Estoy haciendo un contador de 0 a 99 como pueden apreciar, todo está bien.
El problema es que cuando quiero que el display muestre únicamente de donde viene la señal, no ocurre esto debido a que todas las entradas del 74147 se convierten en "0" y por eso no muestra correctamente.
Intenté ponerle diodos en las entradas para que estas no se crucen, pero el problema persiste.

Mi consulta es, ¿Si existe algún componente que deje pasar únicamente la señal de entrada y lo muestre en su display?
Ejemplo: El pulsador 3 cierra y pasa el nivel bajo hacia el contador y el 74147, el contador funciona bien, pero en lugar de salir "3" en el display, sale algo no deseado.


----------



## MrCarlos (Feb 17, 2014)

Hola trokena

En El Display sale algo no deseado porque ese 74LS147 tiene la particularidad de trabajar con, digamos, lógica negativa.
Fíjate en los pequeños círculos que tiene en sus entradas como en sus salidas.
Eso quiere decir que los valores ciertos son nivel bajo.

Cuando presionas el botón conectado a la entrada 3(13), a la salida aparece el código binario pero invertido(Negativo).

En Lógica positiva el 3(Decimal) = 0011(Binario).
En Lógica Negativa el 3(Decimal) = 1100(Binario).
Así que el Decodificador 74LS47 muestra en el Display Una Figura Extraña.
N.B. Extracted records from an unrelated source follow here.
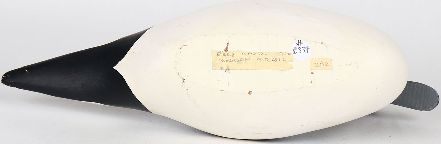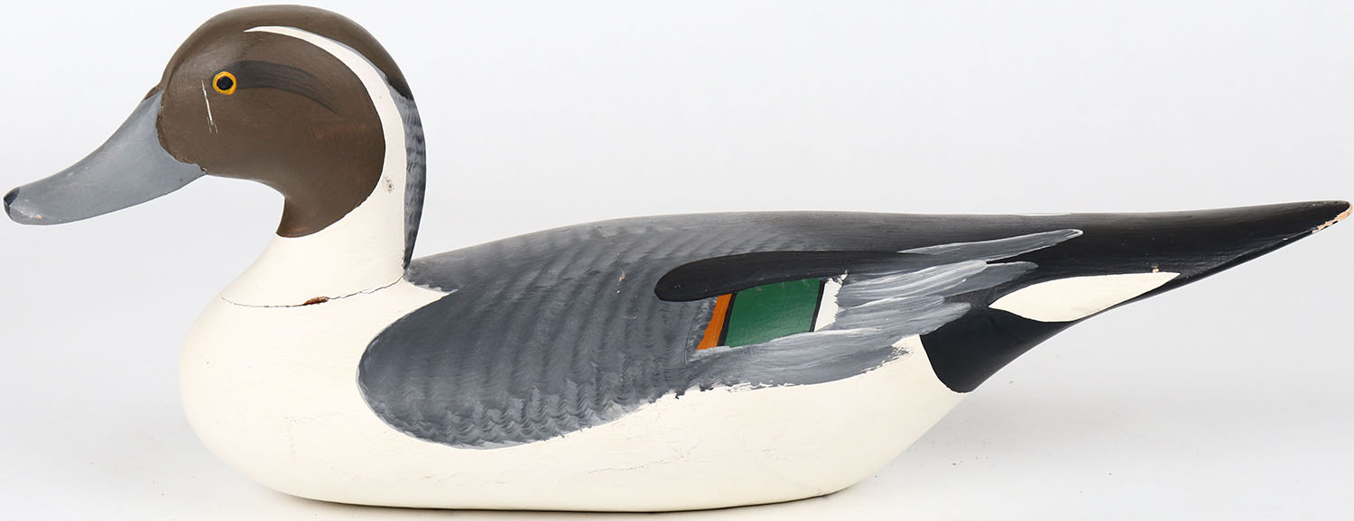 Pintail Drake by Madison Mitchell, painted eyes, solid wood, has age crack around neck, signed on bottom, original paint. Grade: Very Good ++ - Value: 150 to 300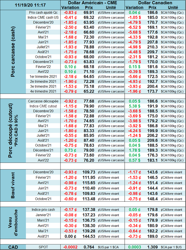 Les contrats à terme de porc continuent de prendre l’eau avec des baisses ce matin, et ce, enregistrées sur toutes les échéances. Les Etats-Unis continuent d’enregistrer une hausse importante des cas de Covid-19 dans la population en général et la crainte demeure que certains travailleurs dans les abattoirs puissent être contaminés. La Chine ne fera pas de quartier aux Américains si jamais on devait avoir une multiplication des cas de covid dans les abattoirs; une fermeture des frontières pourrait bien suivre ou à tout le moins une réduction des exportations de viande de porcs américains vers la Chine.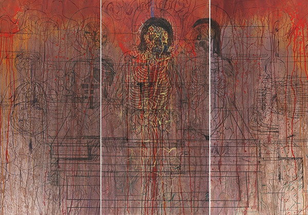 Die Druckgrafik ist immanenter Bestandteil seines Gesamtkunstwerks und es verwundert daher nicht, dass er auf Aktionsrelikten druckt, seine Druckvorlagen mehrfach kombiniert und wie Schichten übereinanderlegt und mitunter von eigener Hand nachbearbeitet. Entscheidend für beide ist auch die Zusammenarbeit mit dem Wiener Drucker Kurt Zein, der im August letzten Jahres verstorben ist.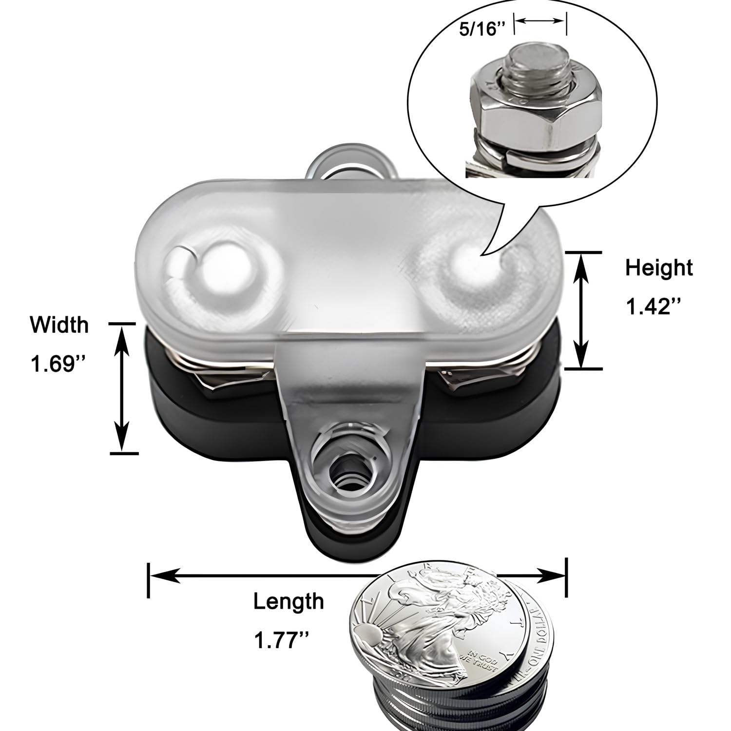 - WORKING RATING - Power stud size: 5/16".Maximum working voltage is DC 48V & up to 150 Amps.The battery bus bar is measured 1.77" x 1.69" x 1.4"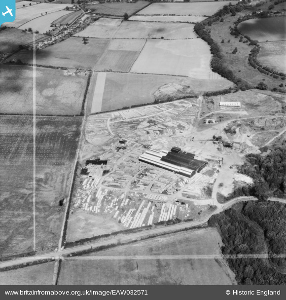 EAW032571 ENGLAND (1950). Norcon Ltd Concrete Pipe Works, Trysull, 1950. This image was marked by Aerofilms Ltd for photo editing.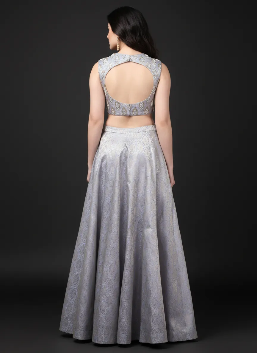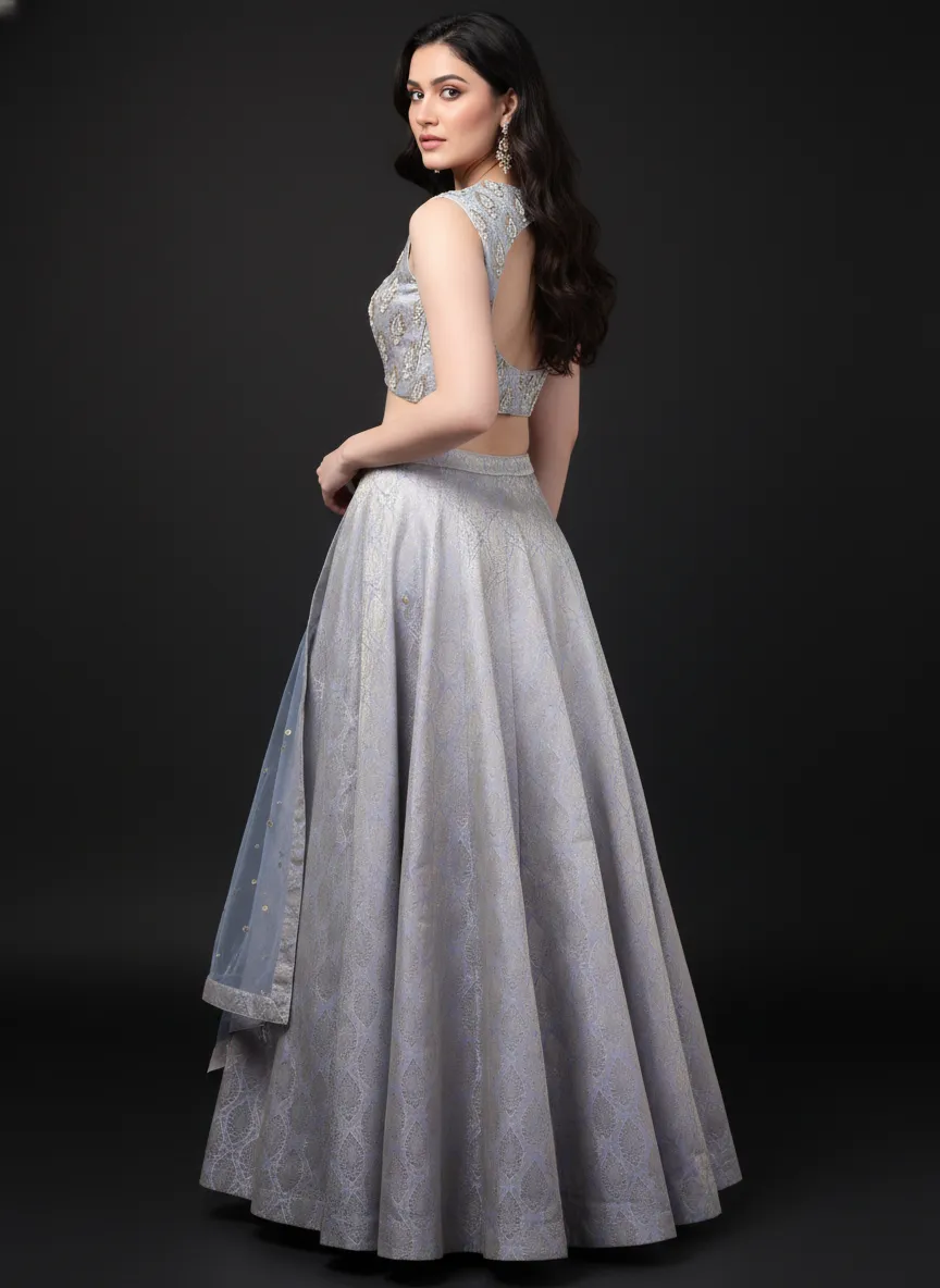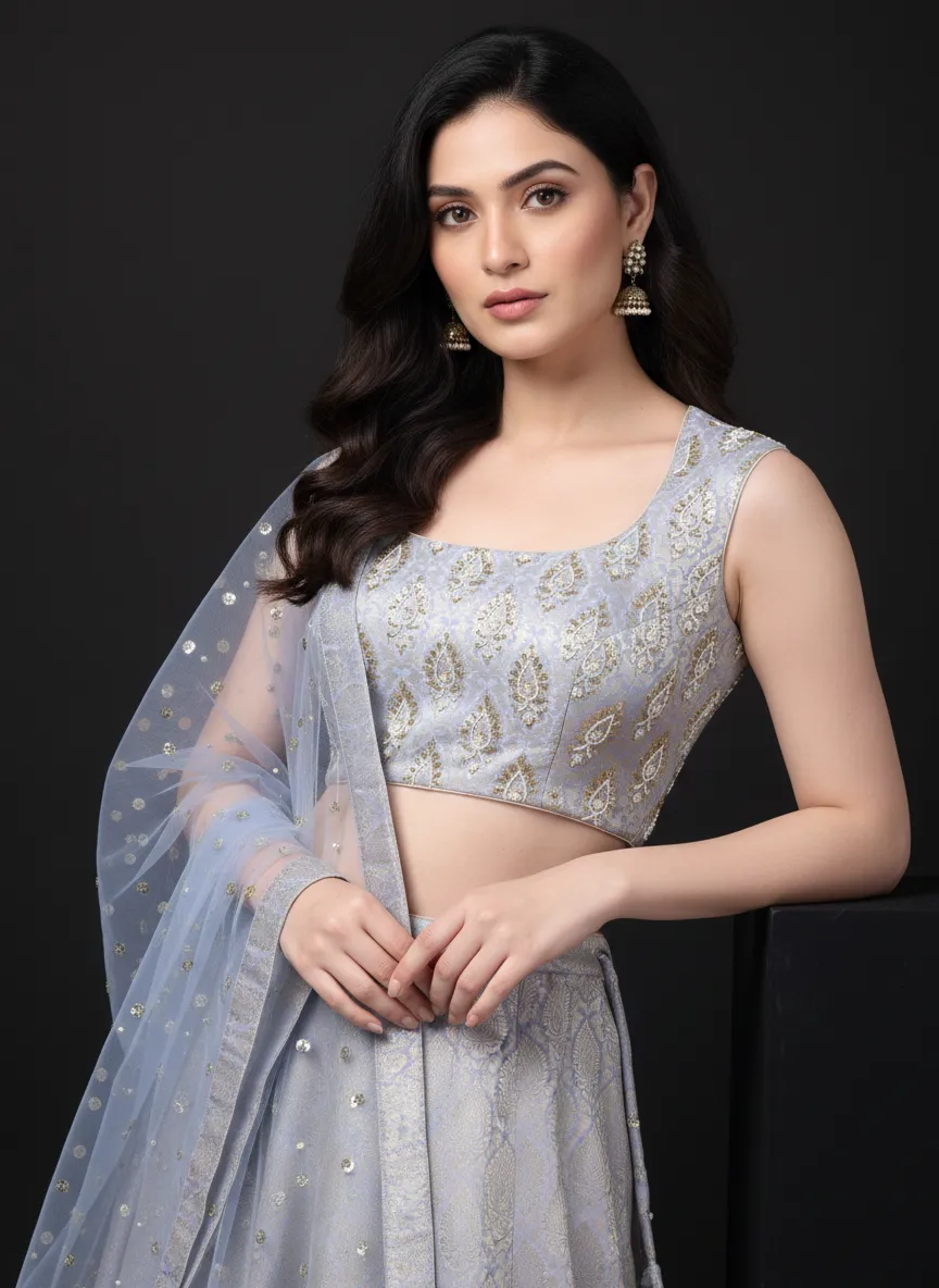 Neutral Lavender Banarasi Lehenga with Pearl One-Shoulder Blouse & Net Dupatta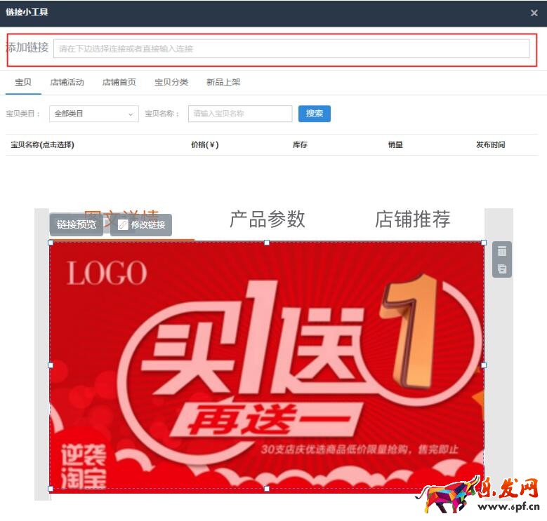添加了圖片之后,同學們看下面的那張圖,找到箭頭指出的紅色的方框,然后點擊,輸入我們用阿哈淘轉換了的優(yōu)惠券的鏈接,點擊一下確定(PC端的連接是無法使用的)。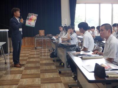 今回は、市内の5つの企業から、計7名の講師をお招きして、生徒たちに、各社の仕事の内容やその魅力を紹介していただくとともに、講師自身の職業観や仕事のやりがい、さらには、キャリア形成の過程を語っていただきました。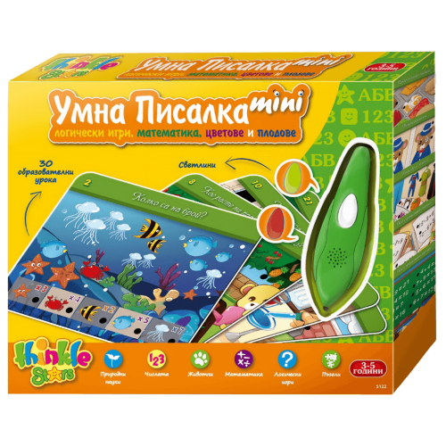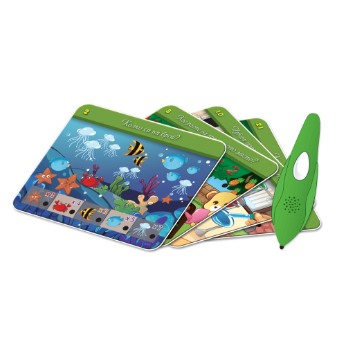 - Play mode - The child will look for answers to the questions on the cards. And the smart pen will signal the correct answers in green and encouraging melody, and the incorrect ones in red

Le faltan algunas cosas por mejorar a tu circuito, estas se notan en lo que te adjunto.

saludos
a sus ordenes


----------



## jfmarque (Sep 23, 2014)

yo tengo un display controlado por un 74ls48N y todos los digitos salen bien, menos el 2 y el 3. alguna idea del por que?
La señal viene de un MC8870CE que funciona a la perfección. Sus leds binarios me dan los valores correctos, pero el 2 y el 3 en el display de 7 segmentos no salen bien. 

Saludos.


----------



## MrCarlos (Sep 23, 2014)

Hola jfmarque

(Los Rojos)
Para encender el 2 se utilizan los segmentos: *a*, *b*, c, *d*, *e*, f, *g*.
Para encender el 3 se utilizan los segmentos: *a*, *b*, *c*, *d*, e, f, *g*.
Para encender el 1 se utilizan los segmentos: a, *b*, *c*, d, e, f, g.
Para encender el 4 se utilizan los segmentos: a, *b*, *c*, d, e, *f*, *g*.
Para encender el 5 se utilizan los segmentos: *a*, b, *c*, *d*, e, *f*, *g*.
Para encender el 6 se utilizan los segmentos: *a*, b, *c*, *d*, *e*, *f*, *g*
Para encender el 7 se utilizan los segmentos: *a*, *b*, *c*, d, e, f, g.
Para encender el 8 se utilizan los segmentos: *a*, *b*, *c*, *d*, *e*, *f*, *g*.
(Los Rojos)
Cuando deben encender, cualquiera, el 2 o 3 qué figura aparece en el Display ??. . . Qué segmentos encienden ?

Si a la salida del MC8870 están bien los valores binarios entonces es probable que el 74LS48N ya no sirva.

saludos
a sus ordenes


----------



## jfmarque (Sep 24, 2014)

Ya quedo coregido... tenia mal conectadas las ultimas 2 terminales a g y a f

GRACIAS!!!!

corregido es con doble "r".

Saludos.


----------